Electronics on Human Skin
The day is not far away when we can monitor our health conditions by drawing a simple design on our skin. Scientists have demonstrated that simple pencil drawing could be used to create bioelectronic sensors that might be used as devices to monitor health conditions. Compared to the conventional approach to produce biomedical electronic devices, this new approach is very simple, low-cost and moreover does not require any sophisticated laboratory equipment. This innovative technique has wide future applications in home-based personalized health care, education, and remote scientific research such as during the COVID-19 pandemic.
Augmented Reality and AI
Augmented Reality combines with Artificial Intelligence (AI) to provide a virtual learning platform to keep students engaged and provide detailed explanations of models and virtual labs. With a 3D hologram, students can pinch, zoom, and rotate equipment related to the experiment, enhancing a student’s learning experience. There are laptops available that combines augmented and virtual reality to enhance how we study and learn. These computers enhance the ability to look around virtual objects as if they are real. The position and orientation of the objects are updated in real-time as the person moves their head, creating both a realistic and comfortable viewing experience. With the additional feature is perception of depth, virtual objects look real as they appear both into and out of the computer screen.
Recently scientists from NTU, Singapore used a brain inspired approach to develop ‘mini-brains’ in robots to have the artificial intelligence (AI) to recognize pain and to self-repair when damaged. It is possible because they embed AI into the network of sensor nodes, connected to multiple small, less-powerful, processing units, that act like ‘mini-brains’ distributed on the robotic skin. This is an important step for the development of Humanoids i.e. human-like robots.

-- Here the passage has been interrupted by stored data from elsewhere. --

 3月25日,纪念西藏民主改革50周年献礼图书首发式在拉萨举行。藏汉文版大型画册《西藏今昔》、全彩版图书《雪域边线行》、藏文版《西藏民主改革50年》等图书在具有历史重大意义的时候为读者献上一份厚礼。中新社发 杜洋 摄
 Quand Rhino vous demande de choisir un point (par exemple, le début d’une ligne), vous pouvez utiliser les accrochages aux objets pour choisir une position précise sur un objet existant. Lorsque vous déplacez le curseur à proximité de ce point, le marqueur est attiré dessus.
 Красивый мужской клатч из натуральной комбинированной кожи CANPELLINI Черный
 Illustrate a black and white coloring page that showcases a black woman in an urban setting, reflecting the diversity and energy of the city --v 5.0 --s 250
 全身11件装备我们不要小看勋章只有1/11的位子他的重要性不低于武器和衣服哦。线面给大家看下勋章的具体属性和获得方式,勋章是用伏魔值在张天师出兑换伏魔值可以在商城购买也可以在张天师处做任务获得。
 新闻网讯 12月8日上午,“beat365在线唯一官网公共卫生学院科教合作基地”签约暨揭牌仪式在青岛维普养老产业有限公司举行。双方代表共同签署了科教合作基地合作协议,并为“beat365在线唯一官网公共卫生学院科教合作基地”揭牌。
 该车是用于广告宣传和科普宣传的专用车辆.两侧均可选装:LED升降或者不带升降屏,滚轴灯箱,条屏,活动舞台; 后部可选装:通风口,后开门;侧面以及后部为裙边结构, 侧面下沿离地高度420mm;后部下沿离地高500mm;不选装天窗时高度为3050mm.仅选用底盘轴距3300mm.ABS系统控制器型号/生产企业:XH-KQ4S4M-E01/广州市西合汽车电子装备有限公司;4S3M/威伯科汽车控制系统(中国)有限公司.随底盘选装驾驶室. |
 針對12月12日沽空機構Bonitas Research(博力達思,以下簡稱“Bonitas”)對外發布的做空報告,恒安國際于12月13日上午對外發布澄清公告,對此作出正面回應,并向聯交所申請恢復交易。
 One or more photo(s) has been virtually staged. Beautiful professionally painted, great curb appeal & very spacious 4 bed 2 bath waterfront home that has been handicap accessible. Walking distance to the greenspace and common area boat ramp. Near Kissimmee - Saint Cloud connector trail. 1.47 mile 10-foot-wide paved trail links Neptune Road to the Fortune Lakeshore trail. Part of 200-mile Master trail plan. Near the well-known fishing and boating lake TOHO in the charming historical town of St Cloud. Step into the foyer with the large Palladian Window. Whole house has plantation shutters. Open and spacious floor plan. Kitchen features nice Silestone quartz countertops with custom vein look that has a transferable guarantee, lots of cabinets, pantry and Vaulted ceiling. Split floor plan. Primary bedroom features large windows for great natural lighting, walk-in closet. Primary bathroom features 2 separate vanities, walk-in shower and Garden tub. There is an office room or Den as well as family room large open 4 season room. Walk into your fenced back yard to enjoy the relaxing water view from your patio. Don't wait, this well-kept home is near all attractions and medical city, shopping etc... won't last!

This is the process of making a physical object from a three dimensional (3D) digital model. 3D printing also called additive manufacturing (AM) is a radically different manufacturing method based on advanced technology that build up parts additively, in layers at the sub mm scale. This is fundamentally different from any other existing traditional manufacturing techniques. The applications of 3D printing have been anticipated in almost every field, but the medical sector is viewed as being one that has early adopted the 3D printing technology. Research is also going on to develop 3D printing of skin, bones, tissues, pharmaceuticals and even human organs. Apart from this, 3D printing has also applications in aerospace industry, automotive, jewellery designing, art/design/ sculpture, architecture, fashion, 3D printed food and many more. To our surprise, a company in China has used giant 3D printers to make 10 full-sized, detached single-storey houses in a day.

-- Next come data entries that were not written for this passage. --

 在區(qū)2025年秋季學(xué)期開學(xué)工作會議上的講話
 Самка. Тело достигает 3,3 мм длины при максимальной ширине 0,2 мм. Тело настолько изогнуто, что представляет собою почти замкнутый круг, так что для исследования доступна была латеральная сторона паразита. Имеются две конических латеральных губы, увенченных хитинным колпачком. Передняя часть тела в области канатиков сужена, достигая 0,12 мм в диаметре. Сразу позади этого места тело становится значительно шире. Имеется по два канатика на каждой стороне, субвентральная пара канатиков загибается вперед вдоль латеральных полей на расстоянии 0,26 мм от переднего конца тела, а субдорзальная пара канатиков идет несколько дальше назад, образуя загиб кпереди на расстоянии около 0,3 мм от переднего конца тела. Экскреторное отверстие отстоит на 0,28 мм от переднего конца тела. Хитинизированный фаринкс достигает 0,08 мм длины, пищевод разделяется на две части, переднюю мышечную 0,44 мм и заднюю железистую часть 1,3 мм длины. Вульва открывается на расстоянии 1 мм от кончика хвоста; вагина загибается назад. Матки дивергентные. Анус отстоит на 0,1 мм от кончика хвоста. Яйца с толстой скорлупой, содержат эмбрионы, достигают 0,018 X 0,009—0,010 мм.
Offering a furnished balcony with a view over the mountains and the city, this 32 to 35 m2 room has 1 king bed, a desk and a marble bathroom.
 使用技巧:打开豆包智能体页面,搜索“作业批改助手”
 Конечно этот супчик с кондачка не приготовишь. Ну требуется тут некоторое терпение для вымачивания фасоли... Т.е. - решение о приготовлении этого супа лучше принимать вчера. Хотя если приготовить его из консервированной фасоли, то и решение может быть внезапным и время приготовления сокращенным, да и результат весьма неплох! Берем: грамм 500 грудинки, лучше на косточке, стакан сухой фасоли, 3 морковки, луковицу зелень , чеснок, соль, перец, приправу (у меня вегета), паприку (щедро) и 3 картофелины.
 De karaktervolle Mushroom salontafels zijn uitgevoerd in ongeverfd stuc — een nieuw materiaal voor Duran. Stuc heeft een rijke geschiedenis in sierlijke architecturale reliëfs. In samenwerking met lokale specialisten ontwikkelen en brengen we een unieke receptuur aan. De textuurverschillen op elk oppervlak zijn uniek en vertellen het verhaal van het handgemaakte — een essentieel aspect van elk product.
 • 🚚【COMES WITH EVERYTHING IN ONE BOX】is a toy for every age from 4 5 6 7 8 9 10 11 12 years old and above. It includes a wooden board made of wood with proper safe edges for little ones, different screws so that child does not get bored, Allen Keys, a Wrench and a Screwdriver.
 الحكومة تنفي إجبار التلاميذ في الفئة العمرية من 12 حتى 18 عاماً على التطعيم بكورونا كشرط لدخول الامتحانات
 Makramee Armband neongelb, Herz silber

All these advance scientific researches in Electronics will surely change the way we see, work and understand our world. To be honest, advance scientific research demands the knowledge of all the basic science. But, to explore the imagination beyond boundaries, expertise in Electronics along with knowledge of basic sciences has an edge. In the developed countries, people are taking Electronics as hobby and many startups have come up in this field. I am sure, India will be a next big market in the field of hobby Electronics. There will be plenty of opportunities for young generation to explore research fields, teaching, and even to venture their startups in the field of Electronics. India’s Technology minister recently stated that “India has the resources it needs to become a global electronics manufacturing hub and a competitive partner to the world economy”. Hence, this is the right time to generate skilled manpower in Electronics to become a global leader in world economy. The transition is imminent, either we can lead, or we follow the world.